Incumbent Republican Attorney General Jon Bruning did not run for a fourth term, instead unsuccessfully running 2014 Nebraska gubernatorial election#Republican primary for Governor. A crowded Republican primary developed, with three attorneys in private practice—Doug Peterson, Brian C. Buescher, and Mike Hilgers—and State Senator Pete Pirsch all running. Peterson won the primary with a 34% plurality and advanced to the general election, where he faced attorney Janet Stewart, the Democratic nominee.
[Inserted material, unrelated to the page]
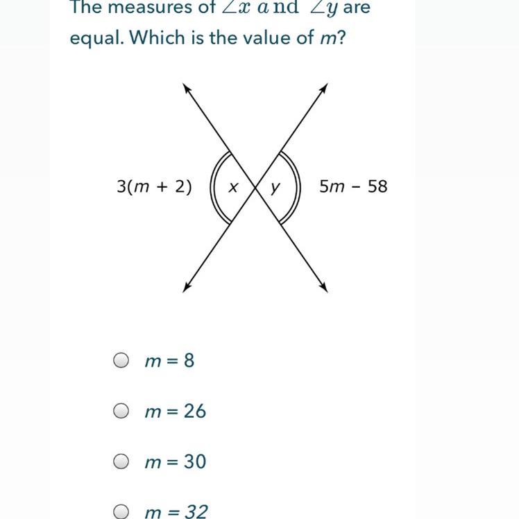 Answer: x=32 (upper answer is wrong!) Explanation: You set the equations equal to each other, then get the variables onto one side, then solve! I checked with a calculator, so this is correct :)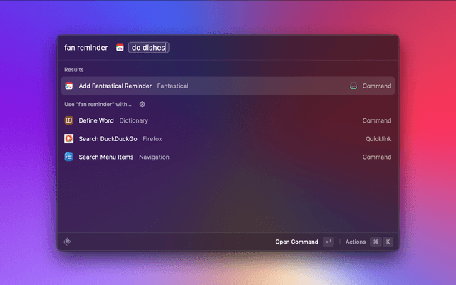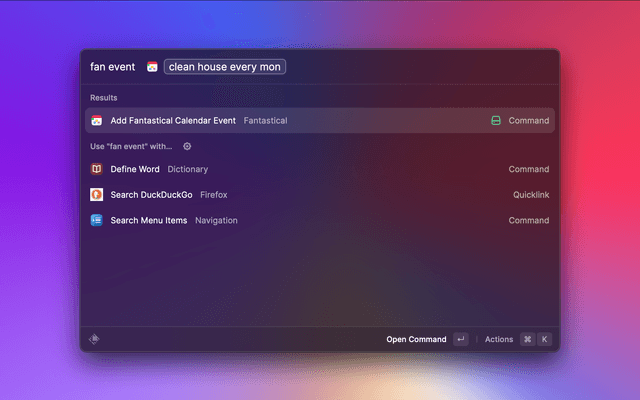 This extension utilizes Fantastical natural language processing to add events and reminders from Raycast

He won his first term as Attorney General over Stewart with 66% of the vote.

===Republican primary===
====Candidates====
- Doug Peterson, Lincoln attorney and nephew of former Governor Val Peterson
- Brian C. Buescher, Omaha attorney
- Mike Hilgers, Lincoln attorney and 2012 candidate for the state legislature
- Pete Pirsch, State Senator

====Results====

Republican primary results
| Party |  | Candidate | Votes | % |
|---|---|---|---|---|
|  | Republican | Doug Peterson | 67,678 | 34.05% |
|  | Republican | Brian C. Buescher | 48,316 | 24.30% |
|  | Republican | Mike Hilgers | 43,371 | 21.83% |
|  | Republican | Pete Pirsch | 30,321 | 15.82% |
| Total votes |  |  | 198,686 | 100.00% |

===Democratic primary===
====Candidates====
- Janet Stewart, Fremont attorney, 2010 Democratic nominee for Secretary of State
- Allan J. Eurek, Lincoln attorney, 1994 Democratic nominee for Secretary of State

====Results====

Democratic primary results
| Party |  | Candidate | Votes | % |
|---|---|---|---|---|
|  | Democratic | Janet Stewart | 47,944 | 72.26% |
|  | Democratic | Allan J. Eurek | 18,407 | 27.74% |
| Total votes |  |  | 66,351 | 100.00% |

===General election===

2014 Nebraska Attorney General election
| Party |  | Candidate | Votes | % | ±% |
|  | Republican | Doug Peterson | 339,846 | 66.06% | −33.94% |
|  | Democratic | Janet Stewart | 174,614 | 33.94% | — |
| Majority |  |  | 165,232 | 32.12% | −67.88% |
| Turnout |  |  | 514,460 |  |
|  | Republican hold |  |  |  |  |

==Auditor of Public Accounts==
Incumbent Auditor Mike Foley opted to run for Governor instead of seeking re-election. State Senator Charlie Janssen won the Republican primary over Larry Anderson, an employee in the office, and faced fellow State Senator Amanda McGill, the Democratic nominee, in the general election. Janssen defeated McGill by a wide margin to win his first term.

===Republican primary===
====Candidates====
- Charlie Janssen, State Senator
- Larry Anderson, Auditor's office employee

====Results====

Republican primary results
| Party |  | Candidate | Votes | % |
|---|---|---|---|---|
|  | Republican | Charlie Janssen | 93,212 | 56.63% |
|  | Republican | Larry Anderson | 71,389 | 43.37% |
| Total votes |  |  | 164,601 | 100.00% |

===Democratic primary===
====Candidates====
- Amanda McGill

====Results====

Democratic primary results
| Party |  | Candidate | Votes | % |
|---|---|---|---|---|
|  | Democratic | Amanda McGill | 63,414 | 100.00% |
| Total votes |  |  | 63,414 | 100.00% |

2014 Nebraska Auditor of Public Accounts election
| Party |  | Candidate | Votes | % | ±% |
|  | Republican | Charlie Janssen | 294,688 | 59.07% | −20.55% |
|  | Democratic | Amanda McGill | 204,221 | 40.93% | — |
| Majority |  |  | 90,467 | 18.13% | −41.10% |
| Turnout |  |  | 498,909 |  |
|  | Republican hold |  |  |  |  |

Results by county

==Public Service Commissioner==
===District 2===
Long-time incumbent Public Service Commissioner Anne Boyle, a Democrat, declined to seek re-election. Crystal Rhoades, a member of the Metropolitan Community College Board of Governors, narrowly won the Democratic primary over attorney Jim Esch and John Green, a member of the Omaha Public Power District Board of Directors. In the general election, she faced State Board of Education member John Sieler, the Republican nominee, and defeated him to win her first term on the Commission.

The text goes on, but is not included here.